Moreover, even if Betouche had met the Lozada criteria, he would have had the burden to establish at least a reasonable probability of prejudice resulting from his former attorney's failure to bring a timely appeal from the final deportation order. See Saakian, 252 F.3d at 25. Counsel's failure to prosecute an immigration appeal — even if negligent — does not constitute prejudice, per se. See Hernandez, 238 F.3d at 56 ("We have reviewed the [IJ's] [unappealed] decision and cannot find any such `reasonable probability' that the result would have been different if counsel had carried through with an appeal to the [BIA] or to this court.") (citation omitted). As of the present appeal, Betouche has yet to make any attempt whatsoever to demonstrate any grounds for reversing the 1998 denial of his asylum application on its merits.

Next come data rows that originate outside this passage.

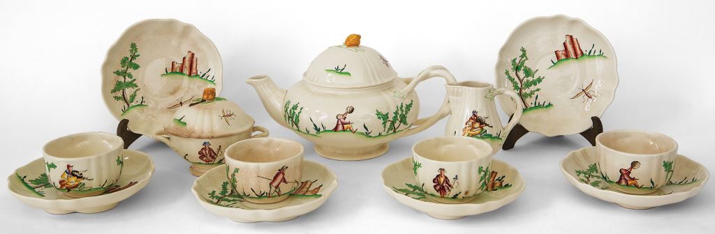 Un servizio da tè formato "vecchio Milano" con manico intrecciato per S.C.I. (Società Ceramica Italiana, Laveno), 1935, composto da teiera, zuccheriera, lattiera, 12 tazze e 12 piattini.
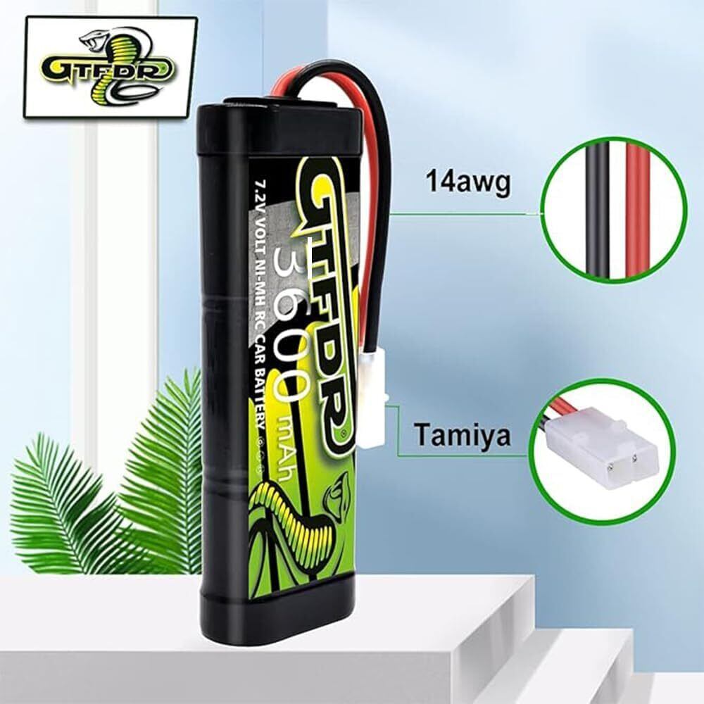 究極のパワーパンチを発揮!3600mAhの大容量7.2Vニッケル水素バッテリー。ラジコンカーやレーシングカーに最適。タミヤプラグ対応で、RCモデルとの互換性も抜群です。
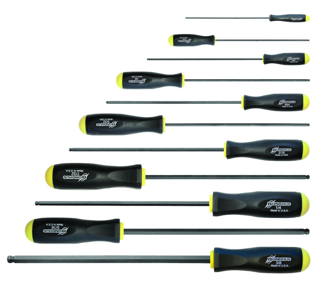 BONDHUS ProGuard Ball End Driver Hex Screwdriver Sets - Imperial and Metric Sizes
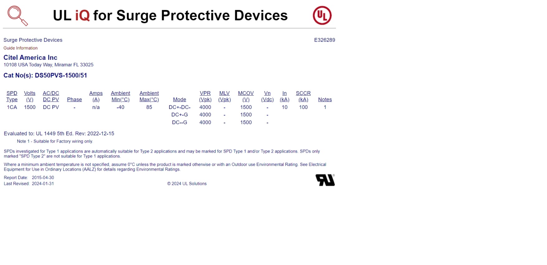 IEC 61643-31 / EN 61643-31 / EN 50539-11 / UL1449 ed.5
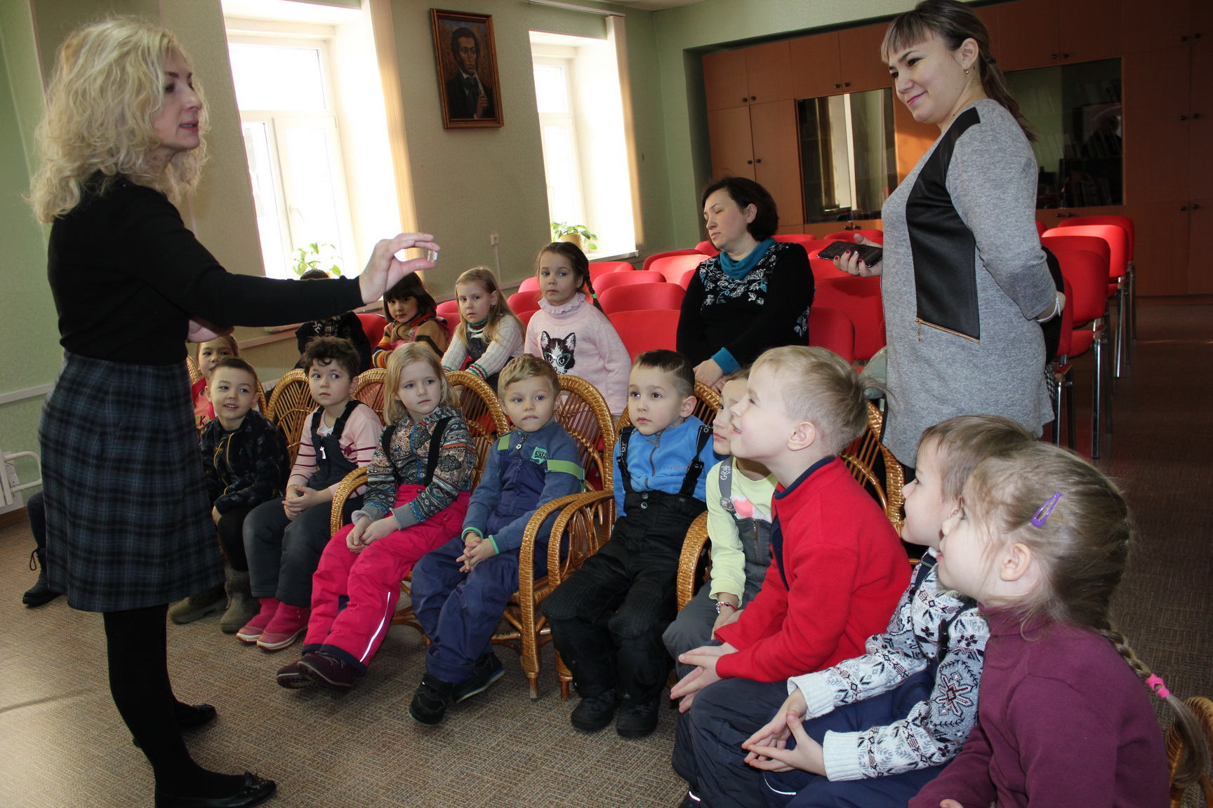 6 февраля к нам в гости впервые пришли ребята из детского сада № 297. Специально для них мы провели экскурсию по библиотеке. Ребятам рассказали, что такое библиотека и для чего она нужна, познакомили с абонементом, «Читайкой», читальным залом и национально-краеведческим отделом, показали и рассказали про выставки-экспозиции «Театр – особый и прекрасный мир» и «Детская книга на пьедестале почета», а также про необычные книги, которые живут на полках в библиотеке.
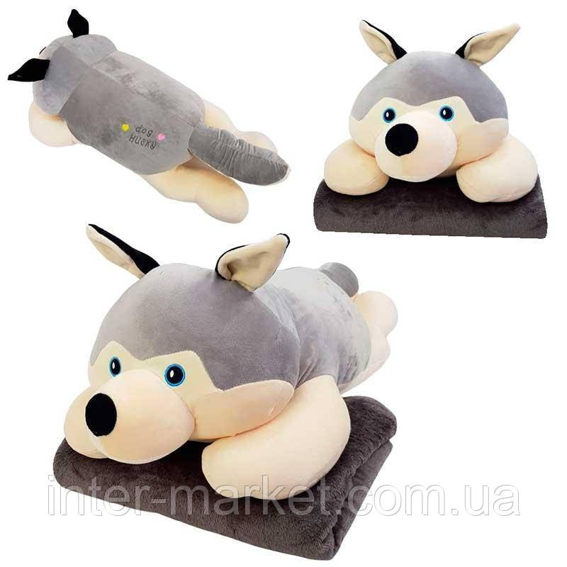 Плед Іграшка, подушка, 3 в 1 Хаскі, м'яка іграшка з пледом усередині
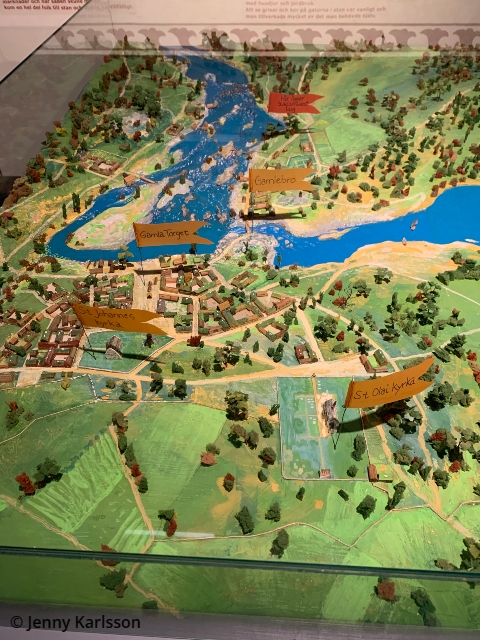 Utställningen ”Den första staden – Norrköpings historia från vikingatid till stormaktstid” träder fyra personer fram ur historien och hjälper oss att se Norrköping växa och förändras, från vikingatid till stormaktstid. Den välbeställda Torfrid som reste en runsten är en av dem. Man möter också borgmästaren, Gudbjörn smed, från 1300-talet. Han såg till att Norrköping fick sina stadsgränser fastställda. Sittande i drömmar hittar man Johan III:s son, hertig Johan. Han planerade slottet Johannisborg på Saltängen i Norrköping, men dog ung 1618, innan slottet var färdigt. Och slutligen stiger Adrianne de Geer fram, hustru till den driftiga Louis De Geer. Här finns också en modell över hur Norrköpingshus kan ha sett ut.
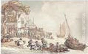 Figures Unloading Fishing Boats On The Shore
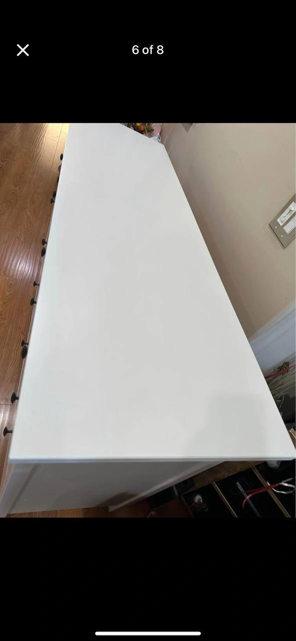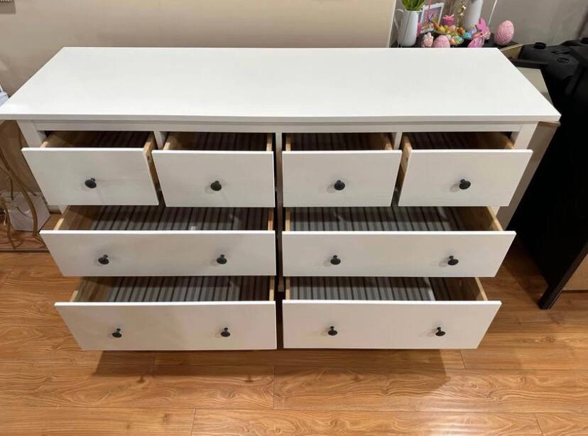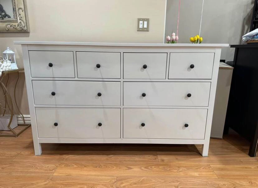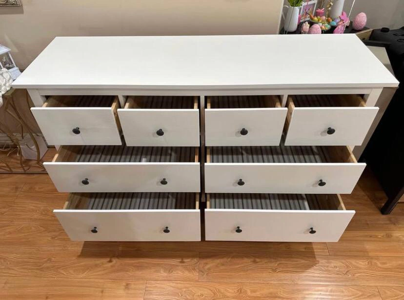 10Selling a white dresser with eight drawers! It's perfect for organizing clothes or anything else you need to store away. The dresser has a clean and simple look that would fit well in any bedroom or living space IKEA Hemnes white dresser in great condition and great shape ,no scratches or dent all drawers slide and close perfectly . Width: (63 ") Depth: (19 ") Height: (37 ")
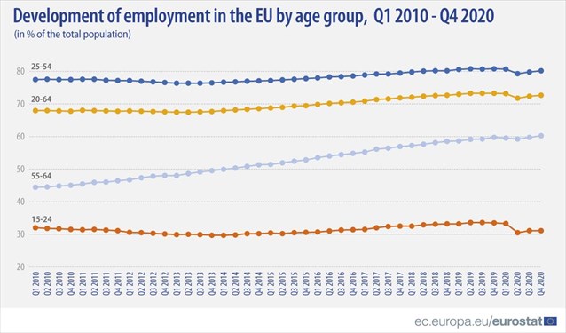 Να σημειωθεί ότι το 2019, το ποσοστό ανεργίας των ατόμων ηλικίας 15-74 στην ΕΕ είχε σημειώσει ιστορικό χαμηλό από το 2000. Ωστόσο, το ποσοστό ανεργίας αυξήθηκε κατά 0,4 ποσοστιαίες μονάδες το 2020 σε σύγκριση με το 2019, καθώς η αγορά εργασίας επηρεάστηκε σε μεγάλο βαθμό από την πανδημία.

Betouche also argues that he was "deemed credible and experienced past persecution," and so the burden of proof shifted to the government to rebut a presumption that he has a well-founded fear of persecution if he returns to Algeria See 8 C.F.R. § 208.13(b) (1). On the contrary, the IJ denied his motion to reopen solely on the lack of proof of changed circumstances in Algeria, and Betouche points to no record evidence that the IJ even considered whether or not his claim of past persecution was credible, given that this issue already had been finally adjudicated in the government's favor back in August 1998.